The Power of Annealing

Author’s Note: For any French readers, this post has recently been translated by Azurisme!

Metals are a unique form of matter, especially with regards to their behavior under heating and cooling. While metals are described by the material they’re made of (e.g. copper or iron), their properties are determined by their arrangement of atoms, and this arrangement can vary significantly. 

The arrangement is semi-permanent, but can be manipulated through certain heating and cooling techniques. One especially interesting technique is “annealing” (if you’re interested in this technique or the many others, this video provides a great introduction), where the metal is first heated and then slowly cooled over time. Through this process, the metal becomes less hard and more ductile, as the heating provides the necessary energy for the form to shift, and the slow cooling provides the time and energy levels needed to form larger grains (see below).

Computer programmers have taken note of these particular properties and ported them into the field, resulting in an algorithm known as “simulated annealing”. The algorithm is used to find an approximate global optimum for a specified problem, and works, like metallurgic annealing, by gradually reducing the “temperature” (for the algorithm, “temperature” determines the likelihood of moving in the direction of a worse solution).

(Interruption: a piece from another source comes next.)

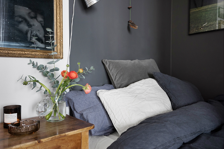 Với nội thất tối màu cùng bộ chăn ga có nguồn gốc tự nhiên, phòng ngủ nhỏ xinh này sẽ luôn mang đến sự

We can better understand how the algorithm works by graphically representing the solution space for a problem (the below picture represents a 1-dimensional space, but we can extend the idea to arbitrarily complex N-dimensional spaces). 

The algorithm starts from a random input value (a random place on the above line), then at each iteration selects a random nearby point (the definition of “nearby” changes with the temperature; at higher temperatures, further points can be chosen). If the randomly selected point is higher than the current point, the algorithm “moves” to that point; if it is lower, the algorithm may or may not “move”, depending on the temperature (the algorithm is more likely to “move” at higher temperatures). This strategy converges to an approximate global optimum – one way to think about it is that the initial runs (at high temperature) identify the right “hill” to “climb” by searching the entire solution space, and the later runs (at low temperature) “climb” to the top of that “hill”. The below image (from Wikipedia) shows an example of the algorithm working to solve an instance of the 1-dimensional problem laid out above.

Note that although the hill climbing image shows the solution space here, when trying to solve one of these problems it is not visible. If we knew the layout of the solution space, we could simply select the maximum. This can be shown by looking at simple problems (e.g. y = 1 – |x|), but for more complex problems (e.g. the traveling salesman problem, as shown below) it becomes clear that we need a different path (like simulated annealing).

As we’ve seen with both metals and programming, the process of annealing – of slowly reducing the energy state of a system – has some interesting properties. It allows a certain type of organization to happen, with the system falling into “low energy” configurations (ductile and malleable configurations in the case of metals, and optimum solution configurations in the case of algorithms) that are “better” than those which could be reached at either high or low temperatures by themselves. Essentially, annealing takes the best of each range of the temperature spectrum, leveraging high temperatures to solve the more broad parts of the problem (in a more inexact way), and low temperatures to drive toward a more exact solution (by focusing on the particular area identified while at high temperature). Viewed in this way, the concept of annealing spreads far beyond metals and mathematics, with two powerful examples in our brain’s formation (at an individual level) and evolution (at a group level). 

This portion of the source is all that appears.